1. Estimate $\lambda$ and $\mu$ from data.
2. Pick a performance target (e.g., "average wait in queue under 2 minutes" or "at most 20% of customers wait").
3. Compute $L_q$, $W_q$, or $P_w$ for $c = 1, 2, 3, \ldots$ until the target is met.
4. The smallest $c$ satisfying the target is your answer.

Since the formulas involve factorials and sums, this is typically done computationally or with Erlang C tables.

Cost analysis and optimization

A common formulation balances two costs:

• Server cost: $c \cdot C_s$ per unit time (wages, equipment).
• Waiting cost: $L \cdot C_w$ per unit time (customer dissatisfaction, lost productivity).

The total cost $TC = c \cdot C_s + L \cdot C_w$ is evaluated for different values of $c$, and you pick the $c$ that minimizes it. Because $L$ decreases with $c$ but server cost increases, there's usually a clear optimum.

Quality of service requirements

In practice, systems are designed around service level agreements (SLAs). Common targets include:

• A specified percentage of customers served within a target time (e.g., 80% of calls answered within 20 seconds).
• Maximum acceptable probability of waiting.
• Maximum acceptable average wait.

The M/M/c model provides the formulas to check whether a given configuration meets these targets.

Capacity planning considerations

Arrival rates fluctuate over time (think of a call center with morning peaks). Capacity planning involves:

• Forecasting demand at different times of day or seasons.
• Sizing the system for peak loads or using time-varying staffing.
• Building in headroom so that small demand increases don't push the system past $\rho < 1$.

M/M/1 vs M/M/c queues

Differences in system behavior

The fundamental difference is the number of servers. In M/M/1, a single server handles everything.
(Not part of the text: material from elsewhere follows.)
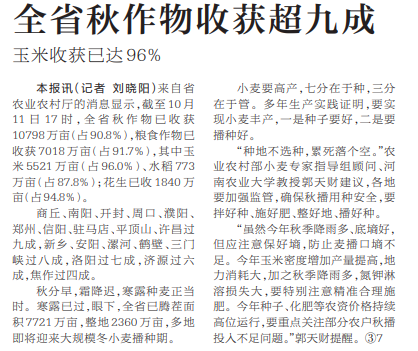 来自省农业农村厅的消息显示,截至10月11日17时,全省秋作物已收获10798万亩(占90.8%),粮食作物已收获7018万亩(占91.7%),其中玉米5521万亩(占96.0%)、水稻773万亩(占87.8%);花生已收1840万亩(占94.8%)。(今日《河南日报》1版)

In M/M/c, $c$ servers share the load from one queue. This pooling effect is powerful: combining resources into a shared pool is more efficient than running separate single-server queues.

For example, two separate M/M/1 queues each with $\lambda = 4$ and $\mu = 5$ ($\rho = 0.8$ each) will have $L = 4$ per queue, so $L_{total} = 8$. A single M/M/2 queue with $\lambda = 8$ and $\mu = 5$ has $\rho = 0.8$ but $L$ will be significantly less than 8 due to the pooling effect.

Performance comparison

For the same total service capacity ($c\mu$ equal in both cases):

• M/M/c queues have shorter expected queue lengths ($L_q$).
• M/M/c queues have shorter expected waiting times ($W_q$).
• The probability of waiting ($P_w$) is lower in M/M/c.

The advantage of pooling grows as utilization increases. At low $\rho$, the difference is small. At high $\rho$, pooling makes a dramatic difference.

Suitability for different applications

• M/M/1 fits systems with a single resource: a single checkout lane, a single-processor system, a single communication link.
• M/M/c fits systems with parallel resources: a bank with multiple tellers, a hospital emergency department, a multi-core server.

Transitioning from M/M/1 to M/M/c

When demand grows beyond what one server can handle ($\rho$ approaching 1), adding servers is the natural response. The decision should be based on:

• Current performance metrics and how close $\rho$ is to 1.
• Projected demand growth.
• The cost of additional servers versus the cost of degraded service.

Adding even one server (going from M/M/1 to M/M/2) can produce a large improvement in waiting times when the system is heavily loaded.